By Tyler Jang. March 4, 2019.
While we’re certainly a long way from the killer robots of the Terminator series, autonomous weaponry is a subject of growing importance and is one we should approach cautiously.
This past weekend, U.S. Army Lieutenant Colonel Chris Ford spoke at the Duke 2019 Law, Ethics, and National Security (LENS) Conference, summarizing the current reality of, and legal framework for, autonomous weapons. The U.S. Department of Defense’s current operating definition for an autonomous weapon systems is “A weapon system that, once activated, can select and engage targets without further intervention by a human operator. This includes human-supervised autonomous weapon systems that are designed to allow human operators to override operation of the weapon system, but can select and engage targets without further human input from activation.” This definition still leaves significant ambiguity that makes regulation of such systems difficult.
Autonomous weapons systems operate on a broad spectrum of capabilities. Related to how there is no consensus definition of “artificial intelligence,” there are in fact a range of functions that could be considered, in a military weapons sense, “autonomous.” Understanding the implications of autonomous weapons systems requires defining the spectrums of autonomy.
For the U.S. military, this conversation is dictated by the existing United States Targeting Cycle—which breaks down distinct steps to find, fix, track, target, engage, and assess threats. Most existing weapons systems handle one or two of these functions, particularly the tracking and targeting phases. But looking forward, that will change: much of the current debate on artificial intelligence in the military centers around the implications of letting these systems handle the engagement phase.
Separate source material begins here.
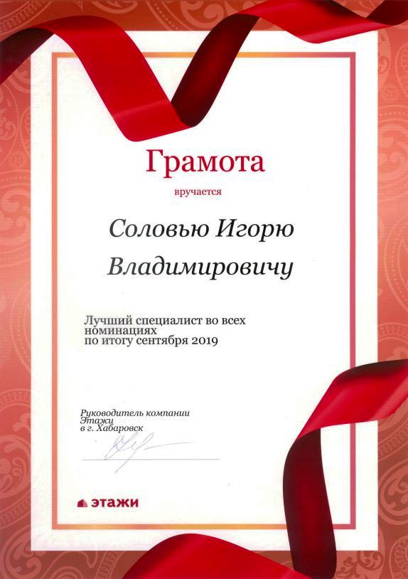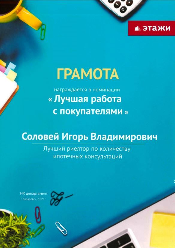 Обращались с супругой к Игорю за покупкой собственного жилья в новостройке. Столь грамотного и профессионального специалиста никогда не видели. Полная консультация по квартирам, предоставление всей информации, что нас интересовала, помощь в подборе и оформлении выгодной ипотеки. Игорь участвовал в каждом из пунктов и консультировал нас в местах, где было трудно понять для людей без опыта. Спасибо...

In this same vein, the replicability and predictability of AI raises major concerns. AI, particularly machine learning, is built by allowing a computer to “learn” based on provided data sets. Problems arise when a system is deployed in an environment different from its training set, causing it to respond unpredictably. This was seen in the case of Microsoft’s Tay, a chatbot that learned to respond to Tweets and developed into a discriminatory disaster.
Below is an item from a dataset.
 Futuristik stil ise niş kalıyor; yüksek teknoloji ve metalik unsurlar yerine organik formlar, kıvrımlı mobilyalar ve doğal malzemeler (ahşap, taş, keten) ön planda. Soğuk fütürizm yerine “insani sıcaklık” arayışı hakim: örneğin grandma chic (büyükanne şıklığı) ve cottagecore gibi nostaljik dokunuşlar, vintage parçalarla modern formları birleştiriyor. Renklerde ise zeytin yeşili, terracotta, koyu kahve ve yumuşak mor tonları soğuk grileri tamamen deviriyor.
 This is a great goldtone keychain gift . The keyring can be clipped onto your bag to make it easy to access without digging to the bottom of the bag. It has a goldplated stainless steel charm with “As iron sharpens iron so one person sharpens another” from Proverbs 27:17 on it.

Tay’s behavior is neither an established norm nor an inevitable outcome of every application of AI, but it serves as a cautionary tale. If autonomous systems are not predictable, how can military personnel responsibly deploy them to complete certain tasks, especially when commanders must assess the proportionality of a military action’s gain against its potential for collateral damage? Some analysts seem to think they won’t be able to, at least not reliably in the near future. For instance, the Campaign to Stop Killer Robots sees this problem as irresolvable with disastrous moral implications and is lobbying to ban autonomous weaponry altogether.
Other state actors are spearheading their own research into AI. Russia in particular is pursuing adaptive drones that utilize “swarm” technology to coordinate the tracking and targeting of enemy combatants.
As it stands, there is no customary international law with respect to autonomous weapons, but the Group of Governmental Experts is scheduled to meet in March to again discuss potential regulation, making sure that human accountability is preserved in these systems. But with regulation lagging behind the technological frontier, artificial intelligence is poised to be at the center of international competition.
Ford stresses that while the evolving developments have potential for both good and ill, many questions remain. With most of the technological prowess coming from Silicon Valley, who will drive regulation, and will it be fast enough to catch up with the rapidly progressing field?
Tyler Jang is a first-year majoring in electrical and computer engineering and a member of the Duke Cyber Team.